* [SUPPLIED ENTRIES]:
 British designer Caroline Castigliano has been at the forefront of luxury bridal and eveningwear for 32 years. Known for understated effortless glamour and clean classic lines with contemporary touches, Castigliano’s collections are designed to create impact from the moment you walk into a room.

...

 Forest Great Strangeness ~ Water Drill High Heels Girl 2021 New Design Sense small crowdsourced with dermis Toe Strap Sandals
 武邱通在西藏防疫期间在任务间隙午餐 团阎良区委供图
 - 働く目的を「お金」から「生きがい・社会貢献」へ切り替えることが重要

* [PROBLEM DETAILS]: Go through the material and copy each line in which the word "with" occurs.

* [OUTPUT OF THE EXERCISE]:
 British designer Caroline Castigliano has been at the forefront of luxury bridal and eveningwear for 32 years. Known for understated effortless glamour and clean classic lines with contemporary touches, Castigliano’s collections are designed to create impact from the moment you walk into a room.
 Forest Great Strangeness ~ Water Drill High Heels Girl 2021 New Design Sense small crowdsourced with dermis Toe Strap Sandals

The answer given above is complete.